Nagorno-Karabakh’s 120,000 Armenians will leave for Armenia, leadership says

As Azerbaijan reclaims Nagorno-Karabakh, the vast majority of Armenians living there will leave, authorities have said. The region’s de-facto leadership has said it is unclear when they will be able to flee for Armenia.

Armenians say they are set to leave following Azerbaijan’s reclaiming of Nagorno-Karabakh

Almost all the 120,000 Armenians living in war-torn Nagorno-Karabakh will leave for Armenia, the region’s de-facto leadership has said, after Azerbaijan regained control of the breakaway region.

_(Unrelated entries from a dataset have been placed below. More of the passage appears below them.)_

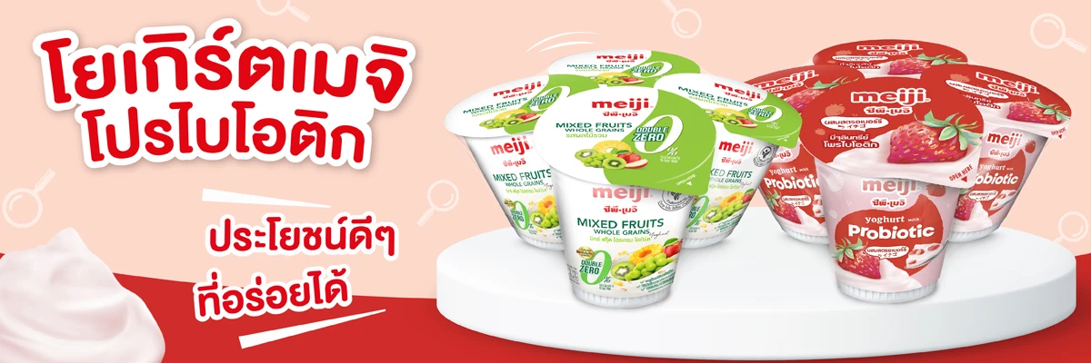 โยเกิร์ตไม่มีไขมัน รสผลไม้รวมผสมธัญพืช (ตราเมจิ) 135 กรัม แพ็ก 4
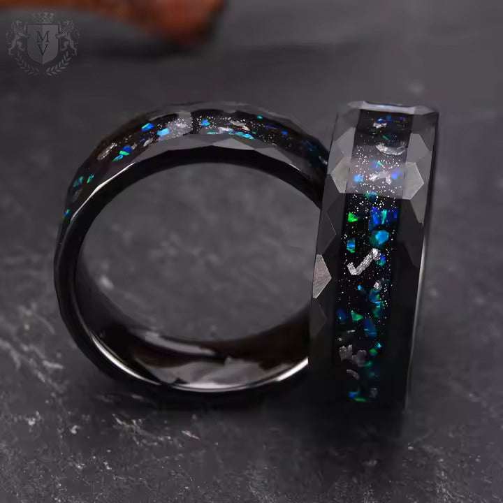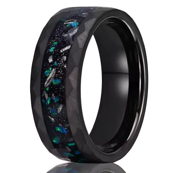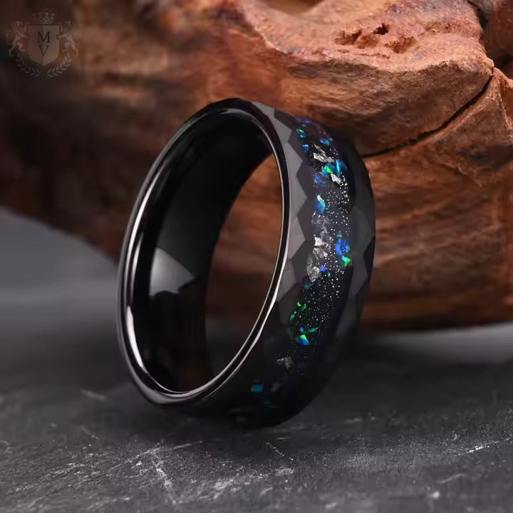 Astrax is forged for those who move in silence but carry gravity. Crafted from faceted black tungsten, its inlay swirls with crushed opal fragments that shift from green to blue — like stardust suspended in space. Light dances across its polished surface, while tiny mineral flecks sparkle like distant constellations. Bold, modern, and otherworldly, Astrax is made to orbit outside the ordinary.
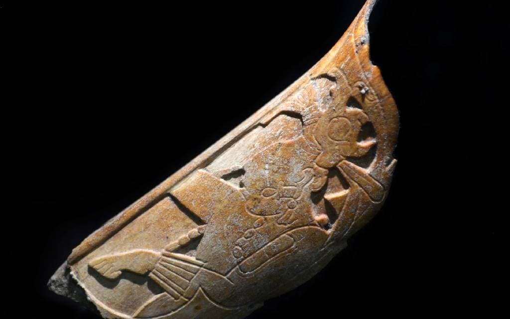 Se elaboró con parte de una tibia distal humana y tiene grabada una escena que expresa la comunicación con los dioses y antepasados.
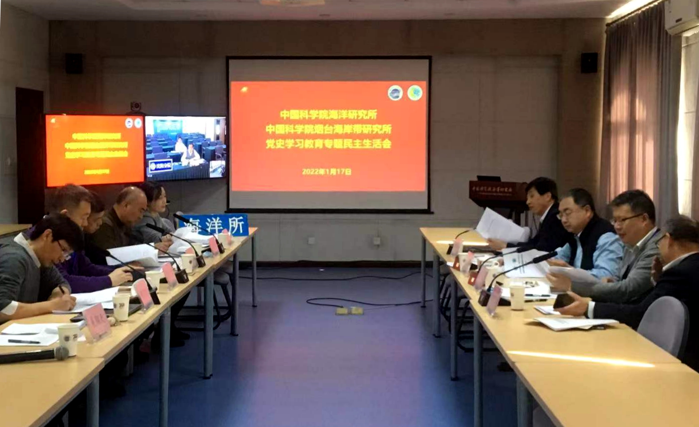 1月17日下午,中科院海洋所、烟台海岸带所联合召开党史学习教育专题民主生活会。中科院党史学习教育第十三指导组因新冠疫情防控原因以视频会议形式参会指导。两所领导班子全体成员参加会议,海洋所党委书记王辉主持会议。
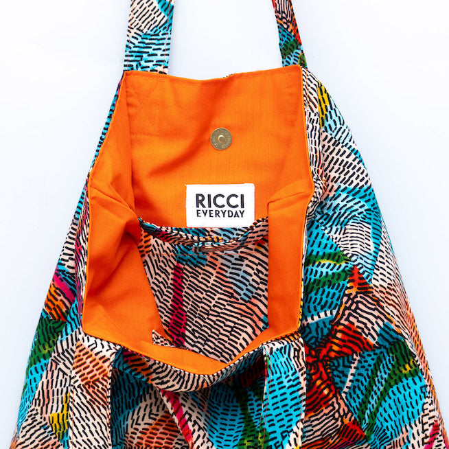 1. RICCI EVERYDAYの製品は、アフリカンワックスプリントの布を使用しています。製品製作時に布に水を通し、色止め加工を施す等、極力、水による色落ちを防ぐようにしております。但し極度な水濡れや摩擦等により色落ちする可能性がありますので、雨の日の使用はお控えいただき、十分にご注意下さい。
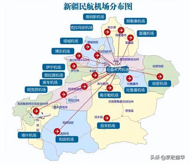 目前,新疆建成投入使用的飛機場有18個,是全國擁有機場最多的省區(qū)。至2025年,新疆區(qū)內(nèi)將布局規(guī)劃33個機場,繼續(xù)保持機場數(shù)量全國之最。

The Armenians of Karabakh were forced to declare a ceasefire on Wednesday as Azeri forces reclaimed the territory following a 24-hour offensive.

The US and EU have expressed “deep concerns” for the Armenians in Karabakh, which is recognised internationally as part of Azerbaijan but had been under Armenian control since the fall of the Soviet Union.

Armenians say they fear repression and ethnic cleansing – allegations strongly denied by Azerbaijan.

David Babayan, an adviser to Samvel Shahramanyan, the president of the self-styled Republic of Artsakh, which is the Armenian name for the region, has warned of a mass exodus and says his people will not be part of Azerbaijan.

“Our people do not want to live as part of Azerbaijan, 99.9% prefer to leave our historic lands,” he said. “The fate of our poor people will go down in history as a disgrace and a shame for the Armenian people and for the whole civilised world.”

He said it was unclear when the Armenians would move down the Lachin corridor, which links the territory to Armenia, where Prime Minister Nikol Pashinyan has faced calls to resign for failing to save Karabakh.

Meanwhile, long-awaited aid has arrived in the region following a nine-month blockade imposed by Azerbaijan, which dwindled the Armenians’ food, fuel and medical supplies.

Azerbaijan has repeatedly said no harm will come to civilians – though reports suggest some may have died and residential buildings were damaged during the latest attack.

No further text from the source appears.